According to Brown, the decreasing quality of athletic footwear has increased the importance of ready-made insoles, custom orthotics and shoe modifications including “heel spur cutouts, excavations/off-loads, medial or lateral posting, [metatarsal] pads or [metatarsal] bars and Morton’s extensions.”
Brown said he is partial to certain materials for crafting custom orthotics.

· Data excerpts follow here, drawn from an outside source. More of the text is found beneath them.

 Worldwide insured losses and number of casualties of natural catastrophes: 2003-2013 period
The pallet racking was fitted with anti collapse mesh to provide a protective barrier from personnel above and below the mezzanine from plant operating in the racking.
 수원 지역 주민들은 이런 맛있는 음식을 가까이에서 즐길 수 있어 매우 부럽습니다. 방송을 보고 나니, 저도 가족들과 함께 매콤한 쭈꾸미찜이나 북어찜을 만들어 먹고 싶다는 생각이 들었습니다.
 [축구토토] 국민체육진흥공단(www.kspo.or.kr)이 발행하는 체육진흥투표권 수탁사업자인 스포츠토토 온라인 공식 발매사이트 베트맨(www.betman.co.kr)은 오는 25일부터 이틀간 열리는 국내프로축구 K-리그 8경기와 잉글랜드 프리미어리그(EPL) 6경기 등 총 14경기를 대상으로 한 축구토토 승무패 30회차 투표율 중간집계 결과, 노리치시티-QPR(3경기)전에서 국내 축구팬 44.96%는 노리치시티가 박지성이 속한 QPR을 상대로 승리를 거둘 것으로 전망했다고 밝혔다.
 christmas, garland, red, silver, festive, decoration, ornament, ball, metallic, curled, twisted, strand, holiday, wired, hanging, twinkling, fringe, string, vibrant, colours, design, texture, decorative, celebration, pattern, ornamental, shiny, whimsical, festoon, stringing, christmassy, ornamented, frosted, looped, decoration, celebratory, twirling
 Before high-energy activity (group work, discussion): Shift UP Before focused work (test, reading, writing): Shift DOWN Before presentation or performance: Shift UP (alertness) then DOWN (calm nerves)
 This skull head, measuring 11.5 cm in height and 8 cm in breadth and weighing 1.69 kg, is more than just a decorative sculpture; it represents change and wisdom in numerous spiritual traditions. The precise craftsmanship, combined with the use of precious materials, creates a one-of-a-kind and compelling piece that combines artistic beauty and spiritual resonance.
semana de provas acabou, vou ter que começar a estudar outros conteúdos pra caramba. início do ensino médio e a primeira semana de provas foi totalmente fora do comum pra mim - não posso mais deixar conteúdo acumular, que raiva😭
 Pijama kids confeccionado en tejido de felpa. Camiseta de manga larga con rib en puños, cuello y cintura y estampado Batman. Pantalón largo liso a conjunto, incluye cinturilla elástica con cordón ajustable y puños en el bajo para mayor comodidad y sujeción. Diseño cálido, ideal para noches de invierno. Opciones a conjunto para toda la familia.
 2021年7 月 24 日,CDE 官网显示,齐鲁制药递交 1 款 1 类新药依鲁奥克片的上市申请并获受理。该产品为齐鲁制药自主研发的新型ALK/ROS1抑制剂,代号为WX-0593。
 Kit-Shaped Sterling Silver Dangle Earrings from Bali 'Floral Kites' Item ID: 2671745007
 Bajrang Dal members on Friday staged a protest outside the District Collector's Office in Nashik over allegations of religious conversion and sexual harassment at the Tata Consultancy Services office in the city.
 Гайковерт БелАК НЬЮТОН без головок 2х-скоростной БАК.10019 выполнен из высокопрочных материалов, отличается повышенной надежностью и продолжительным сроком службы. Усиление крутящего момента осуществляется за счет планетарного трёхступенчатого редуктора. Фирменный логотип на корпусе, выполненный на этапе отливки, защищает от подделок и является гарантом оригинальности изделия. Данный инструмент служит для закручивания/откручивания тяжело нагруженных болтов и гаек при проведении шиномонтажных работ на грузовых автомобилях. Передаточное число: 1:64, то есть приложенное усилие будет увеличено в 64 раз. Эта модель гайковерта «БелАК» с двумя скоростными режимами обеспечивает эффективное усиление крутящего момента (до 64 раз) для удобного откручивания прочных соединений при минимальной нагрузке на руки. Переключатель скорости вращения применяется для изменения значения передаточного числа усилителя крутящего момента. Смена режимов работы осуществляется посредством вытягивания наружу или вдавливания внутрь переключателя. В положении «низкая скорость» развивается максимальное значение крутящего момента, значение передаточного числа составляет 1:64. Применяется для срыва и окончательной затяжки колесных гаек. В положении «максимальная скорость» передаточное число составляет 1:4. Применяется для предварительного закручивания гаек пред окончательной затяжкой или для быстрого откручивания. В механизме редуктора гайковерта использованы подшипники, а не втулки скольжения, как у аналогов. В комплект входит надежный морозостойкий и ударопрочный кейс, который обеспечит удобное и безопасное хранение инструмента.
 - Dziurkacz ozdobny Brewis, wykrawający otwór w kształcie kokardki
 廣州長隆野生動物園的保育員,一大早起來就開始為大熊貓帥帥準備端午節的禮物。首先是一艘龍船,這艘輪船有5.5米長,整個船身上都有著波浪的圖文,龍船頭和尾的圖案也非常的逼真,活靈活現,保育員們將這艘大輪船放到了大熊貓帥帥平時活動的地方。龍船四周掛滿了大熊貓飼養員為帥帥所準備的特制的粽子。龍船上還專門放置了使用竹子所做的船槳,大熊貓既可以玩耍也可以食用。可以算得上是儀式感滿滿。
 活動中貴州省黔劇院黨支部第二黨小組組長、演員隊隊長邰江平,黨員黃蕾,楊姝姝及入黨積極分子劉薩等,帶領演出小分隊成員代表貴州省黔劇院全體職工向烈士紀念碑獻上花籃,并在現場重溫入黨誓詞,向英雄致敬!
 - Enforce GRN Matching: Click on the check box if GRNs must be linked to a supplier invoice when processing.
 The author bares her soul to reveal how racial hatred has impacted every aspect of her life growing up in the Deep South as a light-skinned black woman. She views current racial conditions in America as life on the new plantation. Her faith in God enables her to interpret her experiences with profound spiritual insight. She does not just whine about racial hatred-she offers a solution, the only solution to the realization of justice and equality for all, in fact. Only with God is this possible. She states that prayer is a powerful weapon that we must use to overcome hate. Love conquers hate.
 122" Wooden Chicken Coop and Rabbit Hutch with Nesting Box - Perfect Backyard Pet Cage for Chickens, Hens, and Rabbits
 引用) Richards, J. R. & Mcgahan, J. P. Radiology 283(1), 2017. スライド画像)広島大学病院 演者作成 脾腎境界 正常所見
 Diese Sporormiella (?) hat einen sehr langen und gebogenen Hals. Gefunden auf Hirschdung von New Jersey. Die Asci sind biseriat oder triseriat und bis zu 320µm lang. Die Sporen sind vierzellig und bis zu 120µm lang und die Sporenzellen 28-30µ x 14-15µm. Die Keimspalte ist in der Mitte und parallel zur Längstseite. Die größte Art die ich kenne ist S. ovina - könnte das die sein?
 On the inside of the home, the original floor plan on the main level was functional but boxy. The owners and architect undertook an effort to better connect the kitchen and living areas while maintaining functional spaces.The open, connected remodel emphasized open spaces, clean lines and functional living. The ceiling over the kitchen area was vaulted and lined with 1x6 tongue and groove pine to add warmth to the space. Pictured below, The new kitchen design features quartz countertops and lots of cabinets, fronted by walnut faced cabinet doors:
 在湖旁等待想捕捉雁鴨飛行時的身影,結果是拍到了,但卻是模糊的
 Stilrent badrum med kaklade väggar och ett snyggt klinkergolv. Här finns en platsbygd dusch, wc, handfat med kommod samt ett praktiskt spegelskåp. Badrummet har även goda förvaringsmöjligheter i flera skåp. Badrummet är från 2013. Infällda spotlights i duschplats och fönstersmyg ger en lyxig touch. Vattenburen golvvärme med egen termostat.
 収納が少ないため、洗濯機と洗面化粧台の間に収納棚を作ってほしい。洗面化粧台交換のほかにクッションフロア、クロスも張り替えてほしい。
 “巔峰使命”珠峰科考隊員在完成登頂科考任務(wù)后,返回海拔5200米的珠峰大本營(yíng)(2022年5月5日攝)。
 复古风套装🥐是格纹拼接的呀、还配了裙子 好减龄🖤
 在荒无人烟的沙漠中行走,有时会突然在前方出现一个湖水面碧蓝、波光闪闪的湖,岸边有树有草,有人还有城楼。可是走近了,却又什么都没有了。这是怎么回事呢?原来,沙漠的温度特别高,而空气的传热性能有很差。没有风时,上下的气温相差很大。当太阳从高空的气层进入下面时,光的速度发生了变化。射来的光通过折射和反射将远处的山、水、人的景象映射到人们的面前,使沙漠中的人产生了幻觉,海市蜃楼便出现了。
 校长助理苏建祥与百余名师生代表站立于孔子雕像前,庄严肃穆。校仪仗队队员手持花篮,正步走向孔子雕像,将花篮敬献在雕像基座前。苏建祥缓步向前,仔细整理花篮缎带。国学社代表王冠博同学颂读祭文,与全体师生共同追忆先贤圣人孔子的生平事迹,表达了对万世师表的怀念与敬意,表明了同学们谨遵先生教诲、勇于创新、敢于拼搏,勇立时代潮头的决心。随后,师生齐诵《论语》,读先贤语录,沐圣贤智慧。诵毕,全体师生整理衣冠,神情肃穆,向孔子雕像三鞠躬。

“DBX6 [a material made of fiberglass, graphite and resin] is my overall favorite to use as the shell. It is the thinnest and lightest weight material that I know of that can be pressed with deep heel cups.”
He added, “You can use a full-length top cover and bottom cover to provide great cushioning or you can keep it half-length and use it in a soccer cleat or even a dress flat. Athletes love it because it is so lightweight and so easy to fit into their current footwear.”
He said if room inside the footwear is not a potential problem, he likes polypropylene as the shell. Brown uses 1/8th–inch shells for smaller, thinner athletes and sturdier 3/16th–inch shells for taller and heavier athletes.
“It is my preference to top cover and bottom cover these devices with full length [ethylene-vinyl acetate] EVA cushioning,” he said.
He added that all orthotics used in athletic shoes are subject to considerable wear and tear in a short period of time.
“It is so nice to be able to just refurbish the device by removing the abused cover and adhere a new top cover and bottom cover. The device ends up looking and feeling brand new,” Brown said.
Special care for athletes
Brown said Trilam cork and foam orthotics are suitable for most of his everyday patients.
“They are not as maintenance friendly as I need them to be for today’s athletes. They break down and then need to be completely replaced.”
While custom orthotics are designed to ward off or help ease many different foot problems, Brown said “the number-one foot ailment in the galaxy is plantar fasciitis.”
He said most athletes come to him because they have been hurt or they have undergone a surgical procedure to help straighten ankles misaligned by flat feet or high arches. Shoe-related problems bring in others.
Still, his patients also experience other issues, ranging from post-tibial and peroneal tendonitis to sesamoiditis.
“We keep it simple and we do the same thing for everyone,” he said. “Again, we go through the foot scanning process, migrate to the custom orthotic display and talk about whether their unique case would be benefited by having a more even distribution of pressure on the plantar surface of the feet or by getting better ankle control or both. Patient education is our number-one priority, and then we decide how we can best serve the patient.” – by Berry Craig
- Sports Injuries and Pedorthics. Pedorthic Foot Association. Available at www.pedorthics.org/?page=Sports_Injuries. Accessed Feb. 22, 2016.
Disclosure: Brown reports no relevant financial disclosures.